Now, let’s compare open source IP with Standardized IP.  Looking at the four criteria I proposed above for a true Standard, there is no reason why the specification of open source IP cannot be complete and/or unambiguous.  Of course, completeness and unambiguity is rarely a focus of open source developers.  However, neither criterion can be excluded a priori by the nature of open source.  Furthermore, most (if not all) open source “groups” have an ownership group—for example, Linus Torvalds still owns the core Linux.

The real difference between a Standard and open source IP lies in the “stability” criteria.  A Standard is by its very nature fixed until its owner(s) changes it.
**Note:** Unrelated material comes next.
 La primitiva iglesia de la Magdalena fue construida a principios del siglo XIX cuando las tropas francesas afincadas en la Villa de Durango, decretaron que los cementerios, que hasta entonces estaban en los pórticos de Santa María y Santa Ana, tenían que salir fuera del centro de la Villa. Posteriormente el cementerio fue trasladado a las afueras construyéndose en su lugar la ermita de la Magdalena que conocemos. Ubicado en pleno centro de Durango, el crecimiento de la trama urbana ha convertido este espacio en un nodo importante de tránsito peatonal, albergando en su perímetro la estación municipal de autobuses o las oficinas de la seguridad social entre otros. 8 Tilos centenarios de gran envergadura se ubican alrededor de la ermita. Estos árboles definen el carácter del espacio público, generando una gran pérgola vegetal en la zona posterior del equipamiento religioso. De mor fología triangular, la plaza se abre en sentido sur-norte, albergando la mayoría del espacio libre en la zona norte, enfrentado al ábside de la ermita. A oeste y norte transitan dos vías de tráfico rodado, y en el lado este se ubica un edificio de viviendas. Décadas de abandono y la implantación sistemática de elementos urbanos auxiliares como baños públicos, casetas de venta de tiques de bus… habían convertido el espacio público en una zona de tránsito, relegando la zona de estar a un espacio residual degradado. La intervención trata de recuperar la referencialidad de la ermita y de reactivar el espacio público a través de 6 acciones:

It is this stability that allows users to rely on the definition at the core of the Standard.  Open source IP, on the other hand, is by its very nature “open”. While there may be a core version owned by some group, the glory of open source IP is the fact that it may be modified and redistributed pretty much at will.
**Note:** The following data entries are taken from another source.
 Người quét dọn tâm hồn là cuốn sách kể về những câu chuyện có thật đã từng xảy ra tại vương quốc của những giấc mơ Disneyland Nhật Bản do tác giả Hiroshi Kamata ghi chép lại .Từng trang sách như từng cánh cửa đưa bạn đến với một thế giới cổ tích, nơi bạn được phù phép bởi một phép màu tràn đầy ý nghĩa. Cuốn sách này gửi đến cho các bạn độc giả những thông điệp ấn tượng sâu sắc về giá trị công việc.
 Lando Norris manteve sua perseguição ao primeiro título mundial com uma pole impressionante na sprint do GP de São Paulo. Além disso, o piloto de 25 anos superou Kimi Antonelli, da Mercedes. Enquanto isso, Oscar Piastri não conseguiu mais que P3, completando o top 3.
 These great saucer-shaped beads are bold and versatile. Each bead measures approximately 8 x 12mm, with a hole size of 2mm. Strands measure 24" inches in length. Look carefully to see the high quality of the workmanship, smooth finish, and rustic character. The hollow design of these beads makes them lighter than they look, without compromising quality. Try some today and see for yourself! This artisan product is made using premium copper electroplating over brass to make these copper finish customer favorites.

There is an irreconcilable divide that has been drawn here. In short, any Standard that is allowed to be freely modified and redistributed, even if such modifications are required to be clearly identified, has its status as a “Standard” severely eroded.  Similarly, any purported open source IP, which does not allow free modification and redistribution, has missed fulfilling several critical open source criteria.

That is why I say that “open source Standard’ is an oxymoron.

In closing, I would point out that I have not addressed the issue as to whether non-open source software can ever itself be a Standard.  I also have not discussed why/when/how long software (open source or not) ought to accompany Standards as “reference implementations”.  These will all be addressed in later releases of this blog.